Employee retention refers to the various policies and practices which let the employees stick to an organization for a longer period of time. Every organization invests time and money to find a new prospect, make him a corporate ready material and bring him at par with the existing employees. The organization is completely at loss when the employees leave their job once they are fully trained. Employee retention takes into account the various measures taken so that an individual stays in an organization for the maximum period of time.

Most of the employees leave an organization out of frustration and constant friction with their superiors or other team members. In some cases low salary, lack of growth prospects and motivation compel an employee to look for a change. The management must try its best to retain those employees who are really important for the system.

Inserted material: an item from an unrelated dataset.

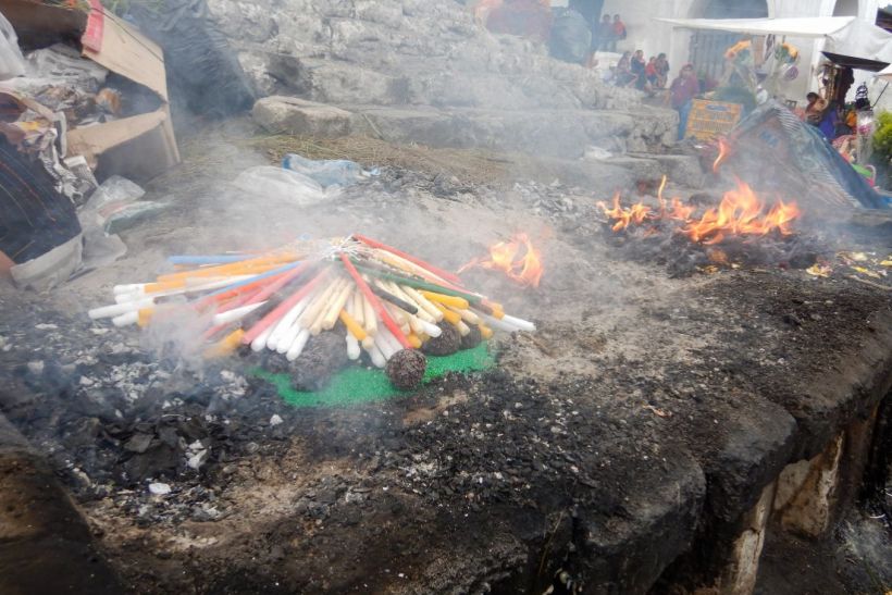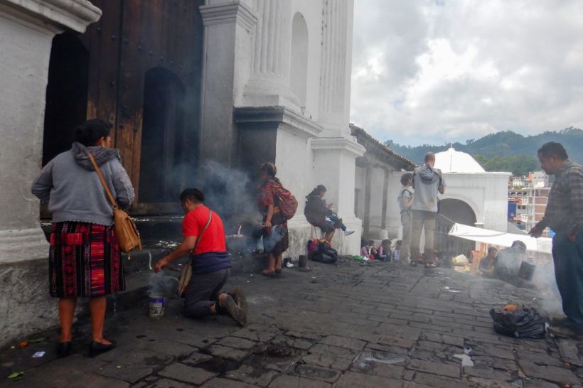 But it’s not just the markets that are worth pointing your eyeballs at, the steps outside of the churches were alive with activity. Catholics were swinging thuribles full of incense around outside the door, other devotees were building small pyres on the alters at the bottom of the steps for whatever Mayan rituals they were going to perform. Flower sellers had set up on the steps too, it was beautiful chaos. The churches are built on the sites of former Mayan temples and the original steps remain so the Mayan/Catholic fusion is woven into the architecture too.

Let’s now look at some statistics to keep in mind while trying to solve retention concerns.

  • Some 73% of organizations revamp their onboarding to improve their employee retention. This is the time in which new hires connect with the company, so improving the correlation between their work and the organizational values will help boost employee longevity.
  • One third of new hires quit their job after about six months. It’s critical to outline milestones for the new hires to accomplish. Without these goals to help cultivate new employees, it’s easy for them to become under-challenged or overwhelmed.
  • Nearly four out of five (78%) of business leaders rank employee retention as important or urgent. With the cost of employee turnover and the benefits of retaining well-trained employees, making sure new hires don’t leave is one of leaders’ top concerns.
  • Remote workers are 50% less likely to quit. Employees who telecommute are typically more satisfied with their jobs, so it makes sense they’d be less likely to quit because they’re able to work at their own pace, in an environment they’re comfortable in. This makes remote work options a powerful way for companies to retain employees.
  • One third (33%) of employees knew whether they would stay with their company long-term after their first week. Your company’s first impression is incredibly important. You need to engage them early and often with a specific strategy and goal in mind.
  • Some 35% of employees will start looking for a job if they don’t receive a pay raise in the next 12 months. But if you’ve onboarded new hires well, created a connection between their role in the company and the overall values, this might not be as much of a problem as you’d expect.

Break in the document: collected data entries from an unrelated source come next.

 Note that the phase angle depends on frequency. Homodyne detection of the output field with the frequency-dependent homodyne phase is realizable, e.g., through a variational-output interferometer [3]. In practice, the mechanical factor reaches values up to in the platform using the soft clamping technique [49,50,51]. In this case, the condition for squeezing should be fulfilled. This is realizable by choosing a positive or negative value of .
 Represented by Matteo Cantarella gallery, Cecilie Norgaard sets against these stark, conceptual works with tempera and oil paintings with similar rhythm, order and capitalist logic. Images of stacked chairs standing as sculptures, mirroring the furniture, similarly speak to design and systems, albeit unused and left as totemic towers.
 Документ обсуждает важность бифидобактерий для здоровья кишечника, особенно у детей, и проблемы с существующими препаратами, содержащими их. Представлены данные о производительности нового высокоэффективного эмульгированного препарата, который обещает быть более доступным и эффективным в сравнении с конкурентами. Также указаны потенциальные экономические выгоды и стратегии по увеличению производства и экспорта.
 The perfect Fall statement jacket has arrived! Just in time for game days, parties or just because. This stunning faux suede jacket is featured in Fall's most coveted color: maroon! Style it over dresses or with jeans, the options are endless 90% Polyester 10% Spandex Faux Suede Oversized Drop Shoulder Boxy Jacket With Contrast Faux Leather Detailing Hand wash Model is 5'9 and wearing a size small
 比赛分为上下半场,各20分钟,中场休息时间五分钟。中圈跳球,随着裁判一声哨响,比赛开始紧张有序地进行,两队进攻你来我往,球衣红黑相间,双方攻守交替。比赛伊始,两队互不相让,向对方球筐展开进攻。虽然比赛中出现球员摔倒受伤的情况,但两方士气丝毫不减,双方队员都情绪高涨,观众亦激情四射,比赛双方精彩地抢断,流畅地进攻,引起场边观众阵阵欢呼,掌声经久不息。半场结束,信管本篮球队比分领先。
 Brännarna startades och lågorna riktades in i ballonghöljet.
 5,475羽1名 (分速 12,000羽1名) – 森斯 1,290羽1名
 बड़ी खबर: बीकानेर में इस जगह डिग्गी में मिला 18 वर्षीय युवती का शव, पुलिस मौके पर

You go to considerable trouble and expense to identify, interview, and hire great employees for your organization. So retaining them should also be a top priority. Luckily, most good retention practices are inexpensive to implement.

To understand how to retain good employees, you first need to know what they’re looking for. Today, the best employees want:

  • Career development opportunities and a chance to grow in their chosen field;
  • Regular feedback on how both they and the company are doing;
  • Flexible work schedules that recognize their need for work/life balance;
  • Benefits tailored to their individual needs.

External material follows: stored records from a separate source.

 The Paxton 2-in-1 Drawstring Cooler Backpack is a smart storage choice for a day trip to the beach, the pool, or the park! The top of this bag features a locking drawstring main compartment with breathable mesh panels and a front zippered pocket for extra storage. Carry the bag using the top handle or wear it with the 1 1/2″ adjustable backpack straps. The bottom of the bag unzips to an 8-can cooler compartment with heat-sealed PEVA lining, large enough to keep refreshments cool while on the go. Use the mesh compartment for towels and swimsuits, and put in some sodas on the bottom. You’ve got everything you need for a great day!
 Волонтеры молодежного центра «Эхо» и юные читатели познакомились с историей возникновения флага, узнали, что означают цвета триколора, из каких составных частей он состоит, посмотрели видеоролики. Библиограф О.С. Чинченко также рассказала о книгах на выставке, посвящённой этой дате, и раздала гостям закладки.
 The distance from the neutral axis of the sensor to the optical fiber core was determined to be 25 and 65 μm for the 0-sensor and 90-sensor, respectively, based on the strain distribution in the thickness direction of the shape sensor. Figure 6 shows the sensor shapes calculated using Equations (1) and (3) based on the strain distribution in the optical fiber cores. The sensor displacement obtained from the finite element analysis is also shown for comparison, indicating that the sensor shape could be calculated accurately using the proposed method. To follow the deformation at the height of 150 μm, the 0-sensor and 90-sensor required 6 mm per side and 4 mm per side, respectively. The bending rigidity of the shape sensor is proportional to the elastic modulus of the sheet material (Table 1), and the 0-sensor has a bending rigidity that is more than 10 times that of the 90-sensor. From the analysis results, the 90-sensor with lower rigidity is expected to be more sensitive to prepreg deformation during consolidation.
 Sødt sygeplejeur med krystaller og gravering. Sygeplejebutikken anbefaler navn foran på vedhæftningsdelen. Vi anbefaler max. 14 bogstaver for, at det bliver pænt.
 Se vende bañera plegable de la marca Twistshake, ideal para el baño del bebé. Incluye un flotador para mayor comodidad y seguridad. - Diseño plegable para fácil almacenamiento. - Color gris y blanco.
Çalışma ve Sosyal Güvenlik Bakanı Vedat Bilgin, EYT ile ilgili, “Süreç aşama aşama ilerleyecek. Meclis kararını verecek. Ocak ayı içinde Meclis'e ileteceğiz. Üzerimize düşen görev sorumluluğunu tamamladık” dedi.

Now let’s see how tweaking some of your employment practices can have a big impact on employee retention:

  • Recruitment and hiring. When there’s a good match between employees and your organization, retention is less likely to be an issue. Culture-fit is often overlooked in the onboarding; it will have an important impact on Retention.
  • Orientation and onboarding. Treating employees right in the critical early stages of employment has been proven to enhance retention.
  • Training and development. Training and development are key factors in helping employees grow with your company and stay marketable in their field.
  • Internal communication. Effective communication can help ensure that employees to want to stay with your company. Employees need to know and be reminded on a regular basis how the organization is doing and what they can do to help.
  • Performance evaluation. When employees know what they’re doing well and where they need to improve, both they and your organization benefit.